- WORK ORDER: Would you reproduce the whole listing exactly, minus its images?

- GIVEN MATERIAL:
- - -

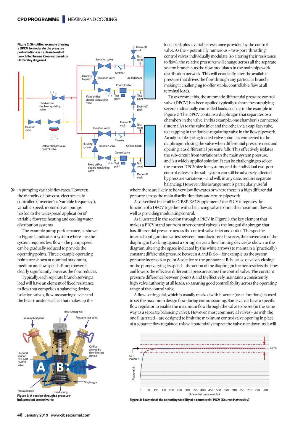 CPD PROGRAMME | HEATING AND COOLING load itself, plus a variable resistance provided by the control valve. As the potentially numerous two-port throttling Test control valves individually modulate (so altering their resistance Isolation valve point to flow), the relative pressures will change across all the separate system branches as the flow modulates in the main pipework Strainer distribution network. This will erratically alter the available Flushing Chilled beam Isolation valve bypass pressure that drives the flow through any particular branch, Control valve making it challenging to offer stable, controllable flow at all terminal loads. Test Test Fixed orifice To overcome this, the automatic differential pressure control point point double-regulatiing valve Fixed orifice valve (DPCV) has been applied typically to branches supplying double-regulating Drain-off several individually controlled loads, such as in the example in valve cock Figure 2. The DPCV contains a diaphragm that separates two chambers in the valve; in this example, one chamber is connected Drain-off Test cock (internally) to the valve inlet and the other, via a capillary tube, Isolation point Isolation valve valve to a tapping in the double-regulating valve in the flow pipework. An adjustable spring-loaded valve spindle is connected to the Strainer diaphragm, closing the valve when differential pressure rises and Flushing Chilled beam Differential pressure Isolation valve bypass control valve opening it as differential pressure falls. This effectively isolates Control valve the sub-circuit from variations in the main system pressure, and is a widely applied solution. It can be challenging to select Test Test Fixed orifice point point the correct DPCV size for systems, and the individual two-port double-regulatiing valve control valves in the sub-system can still be adversely affected Drain-off cock by pressure variations and will, in any case, require separate balancing. However, this arrangement is particularly useful in pumping variable flowrates. However, where there are likely to be very low flowrates or where there is a high differential thematurity of low-cost, electronically pressure across the main distribution flow and return pipework. controlled (inverter or variable frequency), As described in detail in CIBSE KS7 Supplement,2 the PICV integrates the function of a DPCV together with a balancing valve to limit the maximum flow, as variable-speed, motor-driven pumps well as providing modulating control. has led to the widespread application of As illustrated in the section through a PICV in Figure 3, the key element that variable flowrate heating and cooling water makes a PICV stand out from other control valves is the integral diaphragm that distribution systems. has differential pressure across the control-valve inlet and outlet. The specific The example pump performance, as shown internal configuration varies between manufacturers; however, the movement of the in Figure 1, indicates a system where as the diaphragm (working against a spring) drives a flow-limiting device (as shown in the system requires less flow the pump speed diagram, altering the space indicated by the white arrows) to maintain a (practically) can be gradually reduced to provide the constant differential pressure between A and B. So for example, as the system operating points. Three example operating pressure increases at point A relative to the pressure at B, because of valves closing points are shown at nominal maximum, or the pump varying its speed the action of the diaphragm further restricts the flow medium and low speeds. Pump power is and lowers the effective differential pressure across the control valve. The constant clearly significantly lower as the flow reduces. pressure difference between points A and B effectively maintains a consistently Typically, each separate branch serving a high valve authority at all loads, so assuring good controllability across the operating load will have an element of fixed resistance range of the control valve. to flow that comprises a balancing device, A flow-setting dial, which is usually marked with flowrate (or calibrations), is used isolation valves, flow-measuring device and to set the maximum design flow during commissioning. Some valves have a specific the heat-transfer surface that makes up the flow regulator to enable the maximum flow through the valve to be set (in the same Flow-setting dial way as a separate balancing valve). However, most commercial valves as with the Pressure test point Pressure test point one illustrated are designed to limit the maximum control valve opening in place of a separate flow regulator; this will potentially impact the valve turndown, as it will Figure 2: Simplified example of using a DPCV to moderate the pressure perturbations in a sub-network of two chilled beams (Source: based on Hattersley diagram) Orifice altered by flow-limiting device A B 10% SET POINT 5 Flowrate I/s Plug and seat of two-port control valve Drain-off cock Diaphragm Pressure tube Fixed spring Figure 3: A section through a pressureindependent control valve 0 50 100 150 200 250 300 350 400 450 500 550 600 650 700 750 800 Differential pressure (kPa) Figure 4: Example of the operating stability of a commercial PICV (Source: Hattersley) 48 January 2019 www.cibsejournal.com CIBSE Jan19 pp47-50 CPD 4.indd 48 21/12/2018 15:13
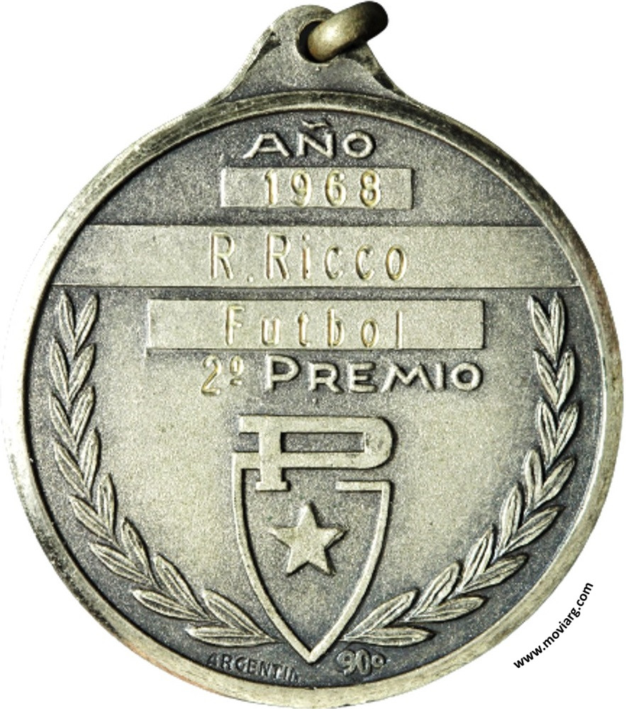 Anverso: CENTRO SOCIAL Y DEPORTIVO / PIRELLI. Firma: PERRI Y CIA (?) Reverso: AÑO / [ 1968 ] / [ P. RICCO ] / [ FUTBOL ] / [ 2° ] PREMIO. Exergo: [ ARGENTINA ] [ <900> ] Referencia: | |
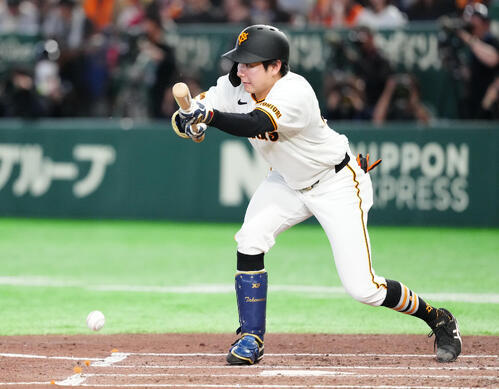 巨人対広島 2回裏巨人1死二、三塁、スクイズを決める竹丸和幸(撮影・江口和貴)<巨人−広島>◇29日◇東京ドーム

- - -

- ANSWER BELOW:
 CPD PROGRAMME | HEATING AND COOLING load itself, plus a variable resistance provided by the control valve. As the potentially numerous two-port throttling Test control valves individually modulate (so altering their resistance Isolation valve point to flow), the relative pressures will change across all the separate system branches as the flow modulates in the main pipework Strainer distribution network. This will erratically alter the available Flushing Chilled beam Isolation valve bypass pressure that drives the flow through any particular branch, Control valve making it challenging to offer stable, controllable flow at all terminal loads. Test Test Fixed orifice To overcome this, the automatic differential pressure control point point double-regulatiing valve Fixed orifice valve (DPCV) has been applied typically to branches supplying double-regulating Drain-off several individually controlled loads, such as in the example in valve cock Figure 2. The DPCV contains a diaphragm that separates two chambers in the valve; in this example, one chamber is connected Drain-off Test cock (internally) to the valve inlet and the other, via a capillary tube, Isolation point Isolation valve valve to a tapping in the double-regulating valve in the flow pipework. An adjustable spring-loaded valve spindle is connected to the Strainer diaphragm, closing the valve when differential pressure rises and Flushing Chilled beam Differential pressure Isolation valve bypass control valve opening it as differential pressure falls. This effectively isolates Control valve the sub-circuit from variations in the main system pressure, and is a widely applied solution. It can be challenging to select Test Test Fixed orifice point point the correct DPCV size for systems, and the individual two-port double-regulatiing valve control valves in the sub-system can still be adversely affected Drain-off cock by pressure variations and will, in any case, require separate balancing. However, this arrangement is particularly useful in pumping variable flowrates. However, where there are likely to be very low flowrates or where there is a high differential thematurity of low-cost, electronically pressure across the main distribution flow and return pipework. controlled (inverter or variable frequency), As described in detail in CIBSE KS7 Supplement,2 the PICV integrates the function of a DPCV together with a balancing valve to limit the maximum flow, as variable-speed, motor-driven pumps well as providing modulating control. has led to the widespread application of As illustrated in the section through a PICV in Figure 3, the key element that variable flowrate heating and cooling water makes a PICV stand out from other control valves is the integral diaphragm that distribution systems. has differential pressure across the control-valve inlet and outlet. The specific The example pump performance, as shown internal configuration varies between manufacturers; however, the movement of the in Figure 1, indicates a system where as the diaphragm (working against a spring) drives a flow-limiting device (as shown in the system requires less flow the pump speed diagram, altering the space indicated by the white arrows) to maintain a (practically) can be gradually reduced to provide the constant differential pressure between A and B. So for example, as the system operating points. Three example operating pressure increases at point A relative to the pressure at B, because of valves closing points are shown at nominal maximum, or the pump varying its speed the action of the diaphragm further restricts the flow medium and low speeds. Pump power is and lowers the effective differential pressure across the control valve. The constant clearly significantly lower as the flow reduces. pressure difference between points A and B effectively maintains a consistently Typically, each separate branch serving a high valve authority at all loads, so assuring good controllability across the operating load will have an element of fixed resistance range of the control valve. to flow that comprises a balancing device, A flow-setting dial, which is usually marked with flowrate (or calibrations), is used isolation valves, flow-measuring device and to set the maximum design flow during commissioning. Some valves have a specific the heat-transfer surface that makes up the flow regulator to enable the maximum flow through the valve to be set (in the same Flow-setting dial way as a separate balancing valve). However, most commercial valves as with the Pressure test point Pressure test point one illustrated are designed to limit the maximum control valve opening in place of a separate flow regulator; this will potentially impact the valve turndown, as it will Figure 2: Simplified example of using a DPCV to moderate the pressure perturbations in a sub-network of two chilled beams (Source: based on Hattersley diagram) Orifice altered by flow-limiting device A B 10% SET POINT 5 Flowrate I/s Plug and seat of two-port control valve Drain-off cock Diaphragm Pressure tube Fixed spring Figure 3: A section through a pressureindependent control valve 0 50 100 150 200 250 300 350 400 450 500 550 600 650 700 750 800 Differential pressure (kPa) Figure 4: Example of the operating stability of a commercial PICV (Source: Hattersley) 48 January 2019 www.cibsejournal.com CIBSE Jan19 pp47-50 CPD 4.indd 48 21/12/2018 15:13
 Anverso: CENTRO SOCIAL Y DEPORTIVO / PIRELLI. Firma: PERRI Y CIA (?) Reverso: AÑO / [ 1968 ] / [ P. RICCO ] / [ FUTBOL ] / [ 2° ] PREMIO. Exergo: [ ARGENTINA ] [ <900> ] Referencia: | |
 巨人対広島 2回裏巨人1死二、三塁、スクイズを決める竹丸和幸(撮影・江口和貴)<巨人−広島>◇29日◇東京ドーム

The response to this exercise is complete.